At European level signs of disenchantment with democracy are beginning to cast doubt on its feasibility. Isolationism and withdrawal into the private sphere are now perceptible and the disengagement born of emphasis on short-term individual needs is going counter to the shaping of a better, shared future. In the present context, what is the future of a democracy whose model seems obsolete and in which people can take no active part? Can autonomous subgroups, notably those materialising out of the freedoms of the World Wide Web and the culture of insurrection, be considered real forms of opposition?

What would seem to be important in rethinking the implementation of democracy is cutting free of our main image of it – the political regime – as an aggregate of procedures and institutions, and returning to its definition as a set of values and a real mode of collective living. To make artistic experimentation a core part of the debate, the exhibition Get Up is presenting poetic and political works of urban origin that summon us to self-questioning.

The agora was once the cradle of community practices, but is it still the locus for popular expression and representation?

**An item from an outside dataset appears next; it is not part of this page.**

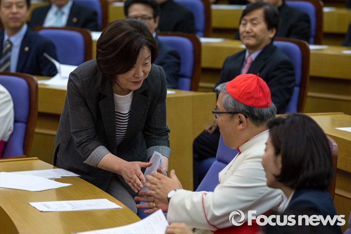 (서울=포커스뉴스) 염수정(가운데) 추기경과 심상정 정의당 상임대표가 4일 오전 서울 여의도 국회의원회관에서 열린 '생명존중포럼 창립총회'에 참석해 악수 하고 있다.
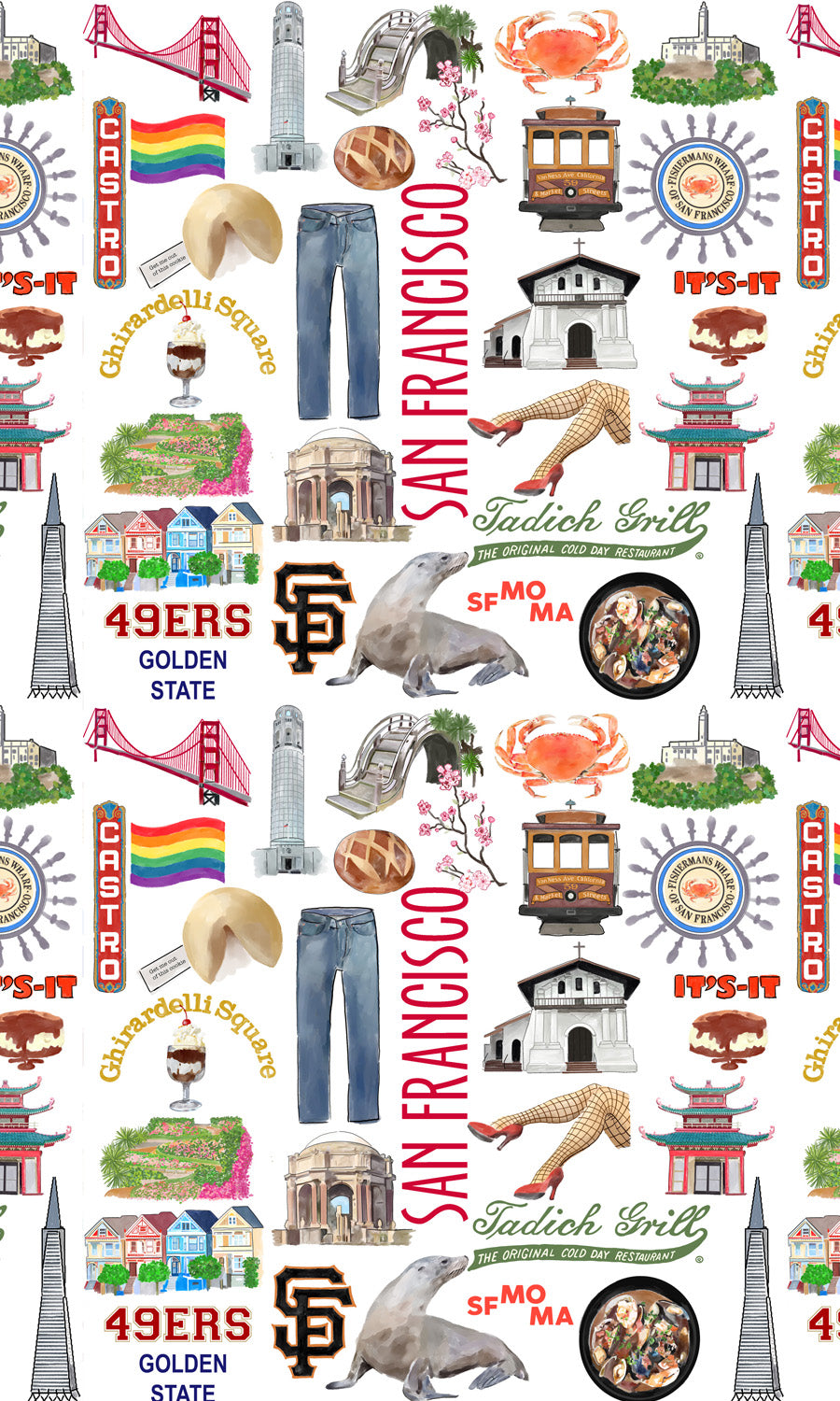 Wrap it up in style with our homage to San Francisco gift wrap. This listing is for an order of 5 sheets, shipped rolled. Each sheet measures 20" x 29". Printed on high-quality, 70# opaque stock.

The urban context now seems boxed in by rationales of comfort and safety, but even so, when it comes to making demands or calling for the construction of a democratic imagination, people continue to fall back on these places of assembly, and even create new ones. Insurrection, often born in the agora, represents a dysfunction of democracy and as such remains a major resource in putting our institutions to rights. It can also be considered a paroxysmal form of democracy, even though it is constrained by no government and no constitution, and is not yet under threat of betrayal. In restoring sovereignty to the people, can this capacity for resistance and self-assertion symbolise the very essence of democracy and thus constitute a model for its attainment? Does not the richness of democracy lie in its critical capability and its incompletion?”